In children, ibuprofen doses above 400 mg / kg can cause symptoms of toxicity, while the risk of toxic effects should not be excluded with a dose higher than 100 mg / kg. In adults, the dose-response effect is less clear. The half-life in case of overdose is 1.5-3 hours. Symptoms Most patients who have ingested clinically significant amounts of NSAIDs will develop nothing more than nausea, vomiting, epigastric pain or, more rarely, diarrhea. Tinnitus, headache and gastrointestinal bleeding are also possible. In more severe cases of intoxication, central nervous system toxicity is observed, manifesting as drowsiness, occasionally excitability and disorientation or coma.

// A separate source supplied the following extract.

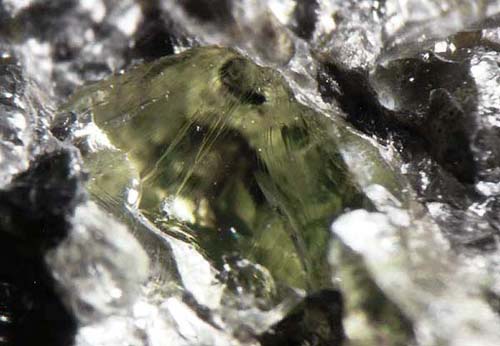 Olivin - (Mg, Fe)2[SiO4] - tritt in Meteoriten recht häufig auf, vor allem in den Pallasiten (Steineisenmeteoriten) in Form großer gerundeter Körner. Wurde u.a. auch in Höhlungen des historisch bedeutenden "Pallas-Eisens" von 1749 gefunden.
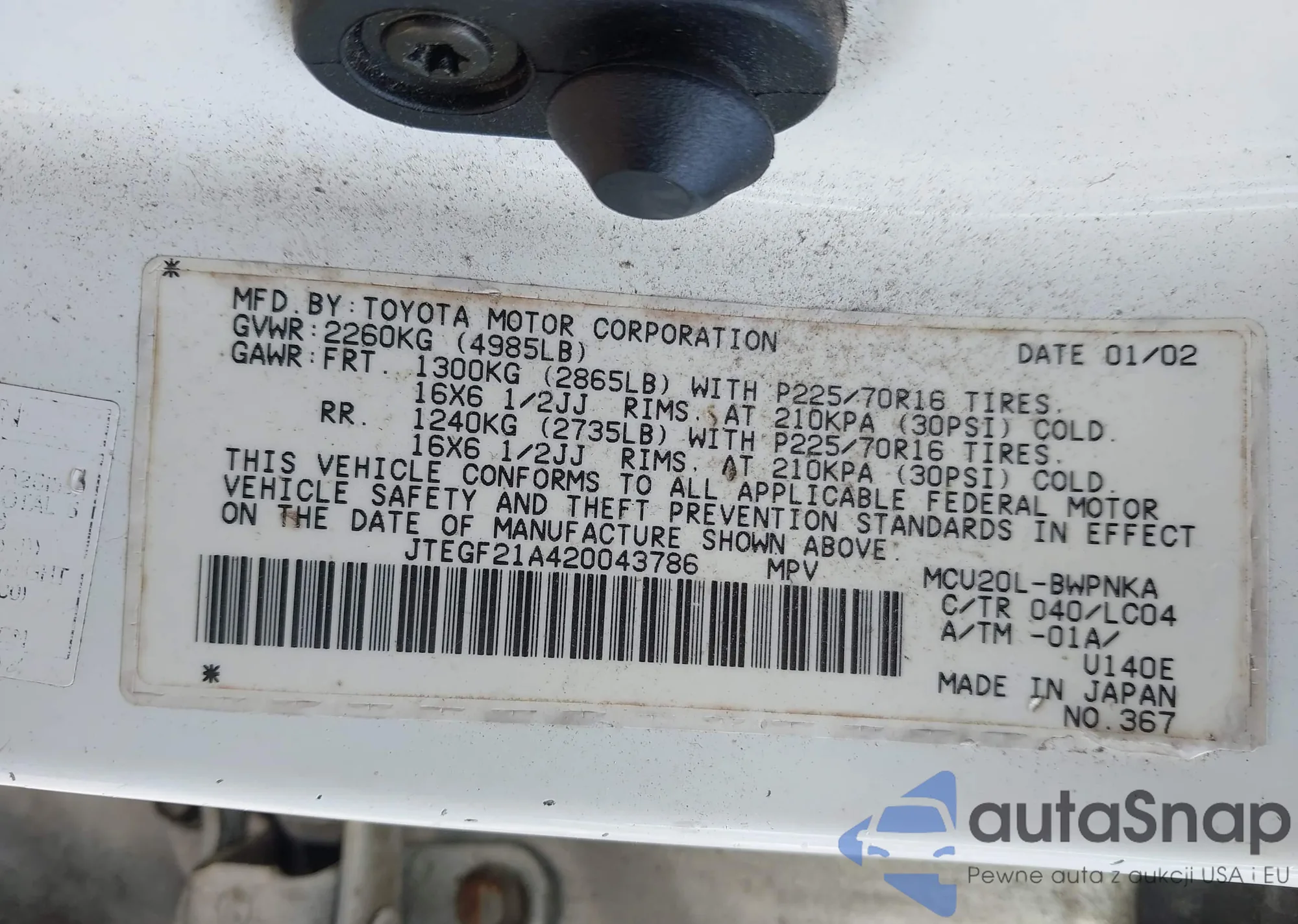 LOT: 42081236 VIN: JTEGF21A420043786

Occasionally, patients develop seizures. In cases of severe intoxication, metabolic acidosis may occur and the prothrombin time / INR may be prolonged, possibly due to interference with the action of circulating coagulation factors. Acute renal failure and liver damage can occur. An exacerbation of asthma is possible in asthmatics.TreatmentTreatment should be symptomatic and supportive and should include maintaining a patent airway and monitoring cardiac function and vital signs until stabilization. Oral administration of activated charcoal should be considered if the patient presents within one hour of ingesting a potentially toxic amount. Seizures should be treated with intravenous diazepam or lorazepam if they are frequent or prolonged. Administer bronchodilators for asthma.

Active principles

Each chewable soft capsule contains 100 mg of ibuprofen.Excipients with known effect: Glucose, 358.3 mg / soft chewable capsule Sucrose, 251.6 mg / soft chewable capsule Soy Lecithin, 0.01 mg / soft chewable capsule For a full list of excipients, see section 6.1.

Excipients

Gelatin, Purified water, Glucose, liquid, Sucrose, Fumaric acid (E297), Sucralose, Citric acid (E330), Acesulfame K (E950), Sodium edetate, Glycerin, Orange flavor, Red iron oxide (E172), Oxide of yellow iron (E172). Ink of the capsules: Titanium dioxide (E171), Propylene glycol, HPMC 2910 / Hypromellose 3cP (E464). Technological adjuvants: Medium chain triglycerides, Lecithin (derived from soy), Stearic acid.